Data:
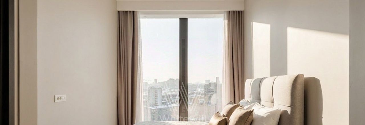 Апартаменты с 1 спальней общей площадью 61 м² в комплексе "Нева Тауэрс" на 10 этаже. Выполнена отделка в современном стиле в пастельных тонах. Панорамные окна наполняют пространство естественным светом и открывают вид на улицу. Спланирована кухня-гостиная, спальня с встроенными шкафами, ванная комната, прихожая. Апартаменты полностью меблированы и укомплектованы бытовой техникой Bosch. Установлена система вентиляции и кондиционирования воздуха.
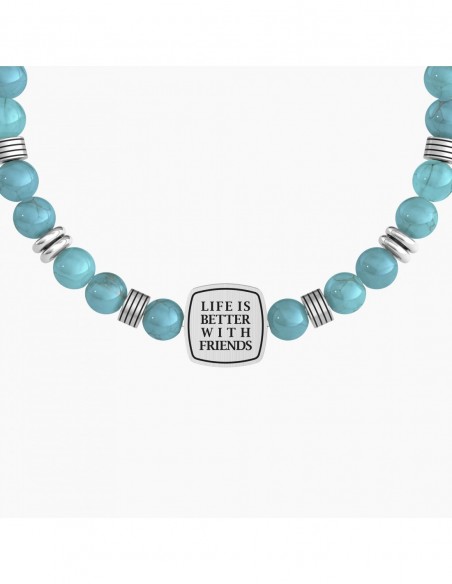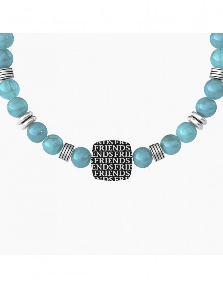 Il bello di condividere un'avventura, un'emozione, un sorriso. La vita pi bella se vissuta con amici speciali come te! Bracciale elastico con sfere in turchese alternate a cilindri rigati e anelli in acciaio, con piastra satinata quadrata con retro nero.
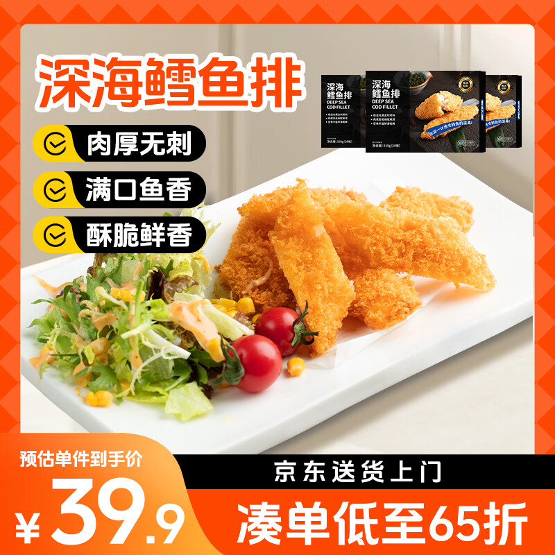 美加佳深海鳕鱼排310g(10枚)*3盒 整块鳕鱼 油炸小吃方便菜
--
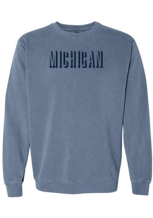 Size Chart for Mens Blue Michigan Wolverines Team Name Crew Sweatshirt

Activity:
Reproduce the data above exactly, but only the lines from the one showing "Il bello di" through the one showing "美加佳深海鳕鱼排310g(10枚)*3盒 整块鳕鱼 油炸小吃方便菜", with both ends kept and the pictures left out.

Solution to this task:
 Il bello di condividere un'avventura, un'emozione, un sorriso. La vita pi bella se vissuta con amici speciali come te! Bracciale elastico con sfere in turchese alternate a cilindri rigati e anelli in acciaio, con piastra satinata quadrata con retro nero.
 美加佳深海鳕鱼排310g(10枚)*3盒 整块鳕鱼 油炸小吃方便菜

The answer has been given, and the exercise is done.